Computational Genomics Lab at IICB

Tuesday, October 19, 2021

A dangerous $# in perl arrays - Not recommended for iteration

The innocent looking $# operator that we often use for determining the maximum index of an array in for loop can be sometimes dangerous.

I spent a sizable amount of time wondering why my for loop is becoming an infinite loop without realizing that writing something like this actually changes the max index value or $# value of an array

Say you have 2 dimensional array @sorted and you want to print the component.
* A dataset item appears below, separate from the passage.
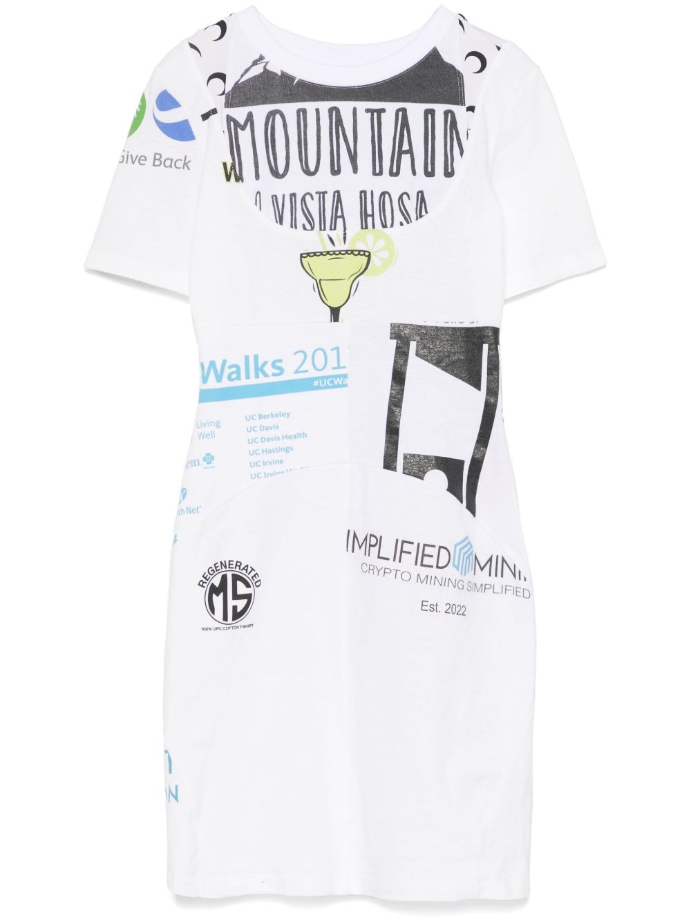 graphic T-shirt mini dress Highlights - White - Crew neck - Short sleeves - Patchwork design - This product is crafted from upcycled materials so the one you receive may differ slightly from the item pictured. Imported Composition Cotton 100%, Recycled Polyamide 88%, Recycled Elastane 12% SIZE & FIT Model measurements Height 5 ft 11 in(1.8 m) Bust/Chest 32.67 in(83 cm) Hips 36.22 in(92 cm) Waist 24.4 in(62 cm) FittingInformation Designed for a close fit throughout Made from a midweight non-stretch fabric, this piece offers minimal elasticity when worn

The easiest way would be:

for(my $i=0; $i <= $#sorted; $i++){

for(my $j=0; $j <= @{$sorted[$i]}; $j++){

print "$sorted[$i][$j]\t";

}

print "$#sorted\n";

}

The output will be a neat:

3349 4097 gene-PR001_g8806 9 ----> The last column indicates the max index

6662 6832 gene-PR001_g8807 9

11316 11696 gene-PR001_g8808 9

13158 13334 gene-PR001_g8809 9

18688 19095 gene-PR001_g8810 9

25175 25342 gene-PR001_g8811 9

26554 26883 gene-PR001_g8812 9

28100 29059 gene-PR001_g8813 9

29128 30235 gene-PR001_g8814 9

30266 30786 gene-PR001_g8815 9

Here one can notice the value of the last column is that of the max index of the array that remains unchanged and hence the lop terminates.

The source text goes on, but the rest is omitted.